Supplied material:

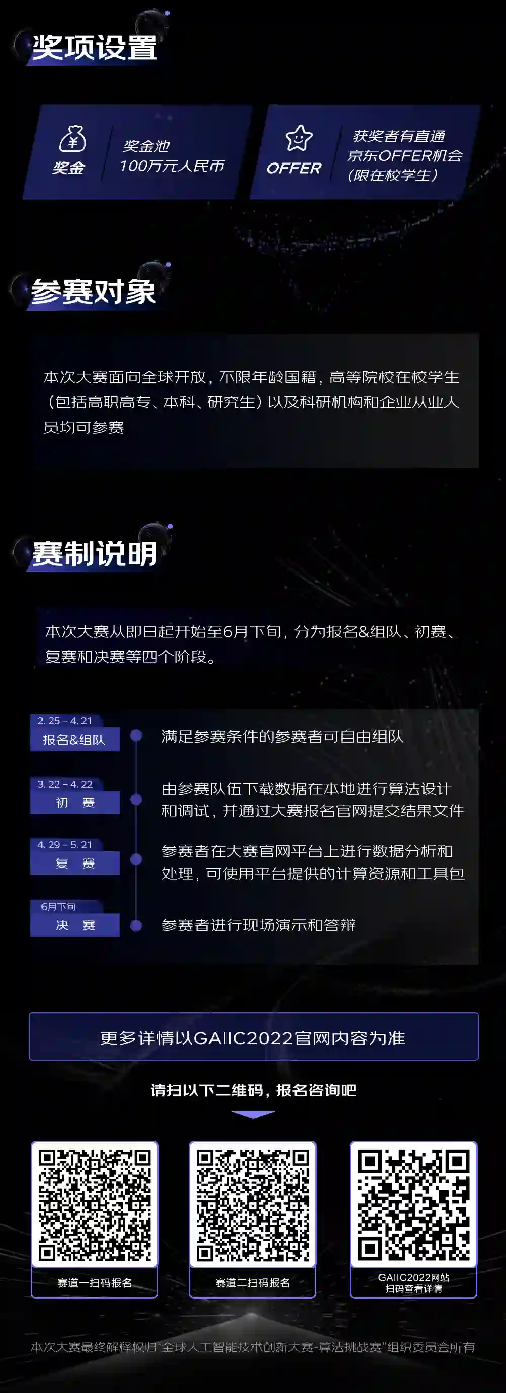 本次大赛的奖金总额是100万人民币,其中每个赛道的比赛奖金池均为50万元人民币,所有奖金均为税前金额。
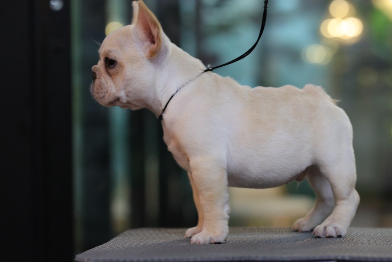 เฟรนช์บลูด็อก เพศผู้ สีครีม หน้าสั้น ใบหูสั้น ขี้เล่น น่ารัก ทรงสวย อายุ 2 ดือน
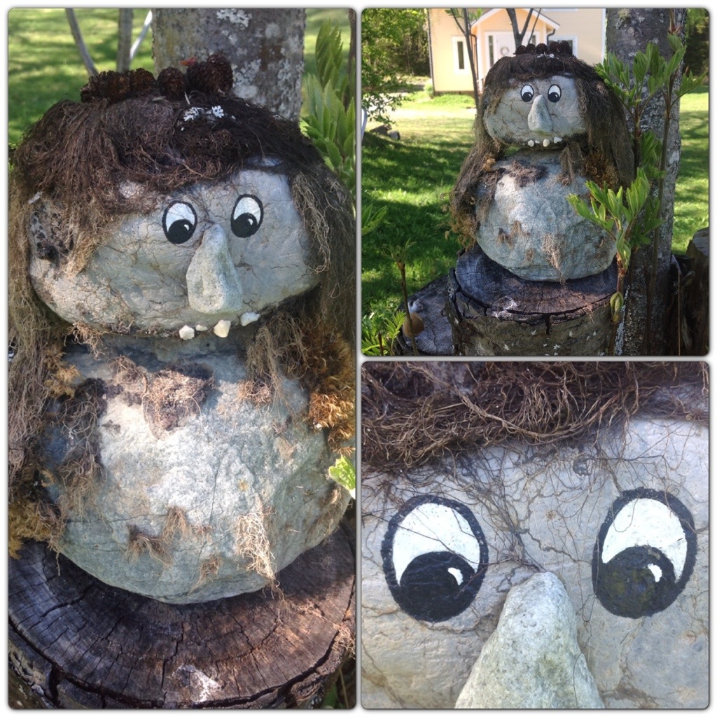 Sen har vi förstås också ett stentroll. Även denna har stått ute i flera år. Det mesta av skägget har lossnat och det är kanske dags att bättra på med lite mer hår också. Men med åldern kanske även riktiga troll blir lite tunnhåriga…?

...

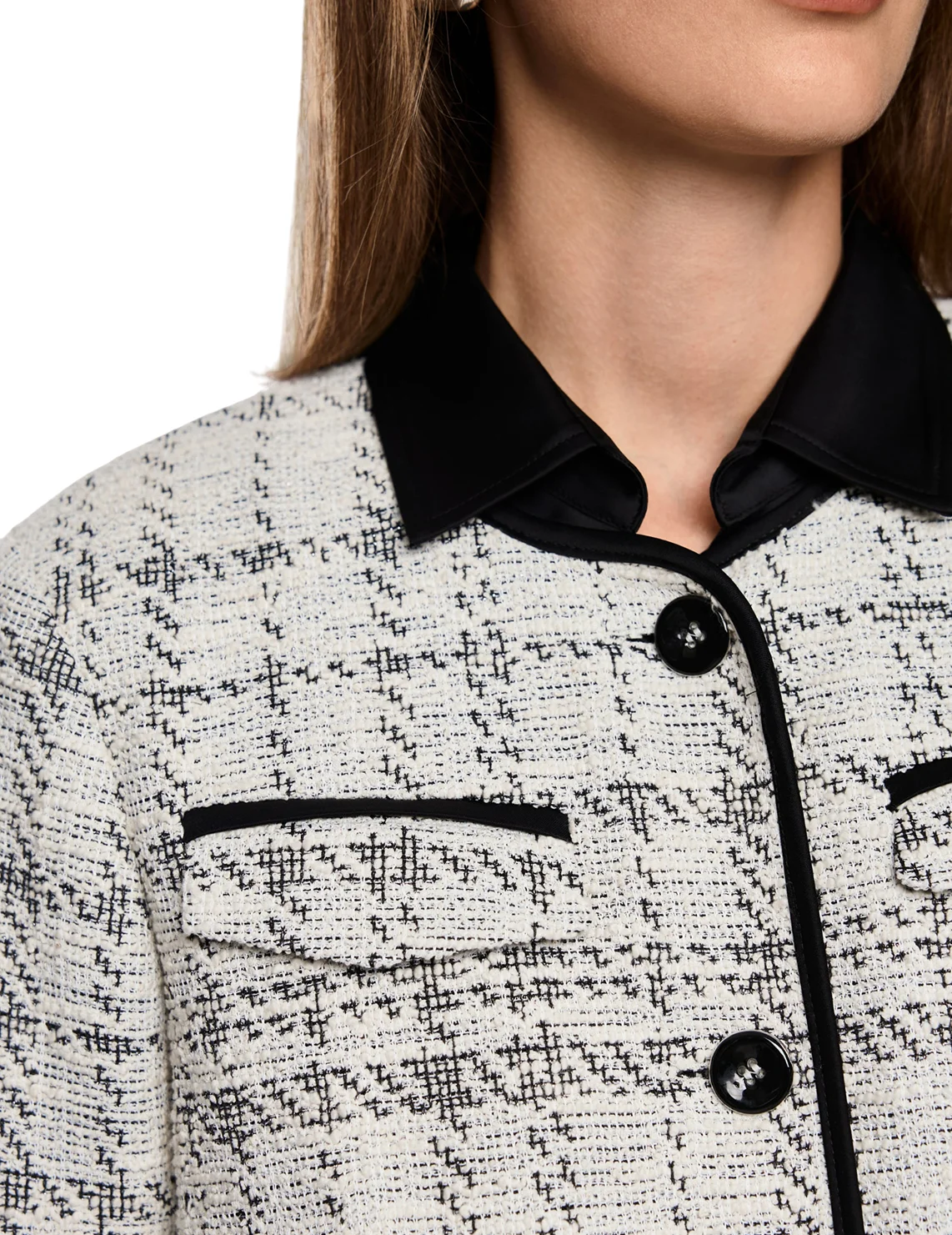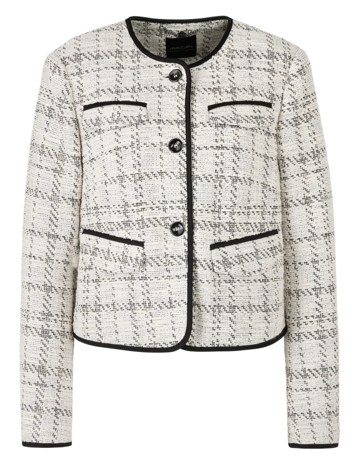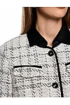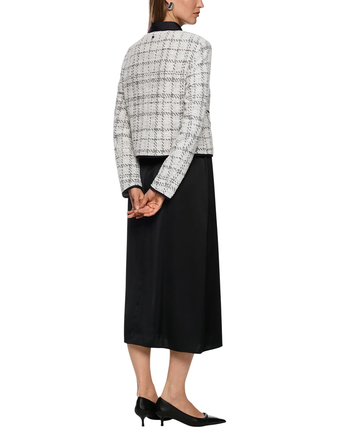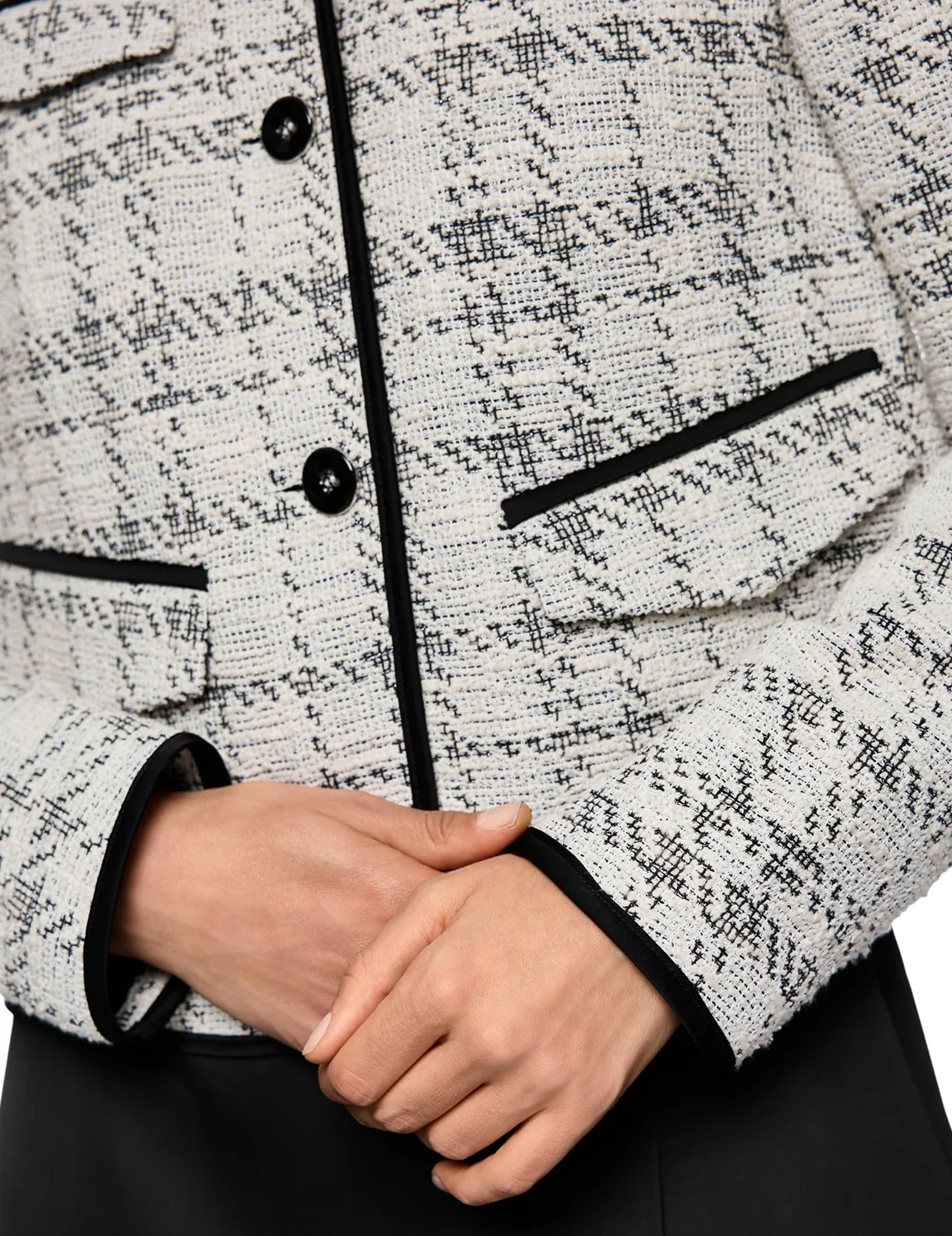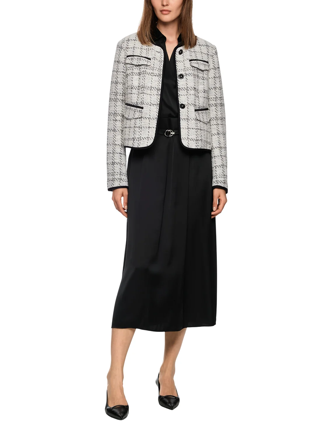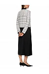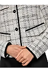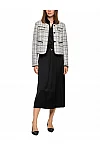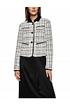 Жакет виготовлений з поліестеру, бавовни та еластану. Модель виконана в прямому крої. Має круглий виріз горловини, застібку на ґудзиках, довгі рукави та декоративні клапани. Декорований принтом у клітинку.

Problem to solve:
Give again the stretch of the entries above that begins at the line with "本次大赛的奖金总额是100万" and ends at the line with "Sen har vi förstås", word for word, with no pictures.

Result:
 本次大赛的奖金总额是100万人民币,其中每个赛道的比赛奖金池均为50万元人民币,所有奖金均为税前金额。
 เฟรนช์บลูด็อก เพศผู้ สีครีม หน้าสั้น ใบหูสั้น ขี้เล่น น่ารัก ทรงสวย อายุ 2 ดือน
 Sen har vi förstås också ett stentroll. Även denna har stått ute i flera år. Det mesta av skägget har lossnat och det är kanske dags att bättra på med lite mer hår också. Men med åldern kanske även riktiga troll blir lite tunnhåriga…?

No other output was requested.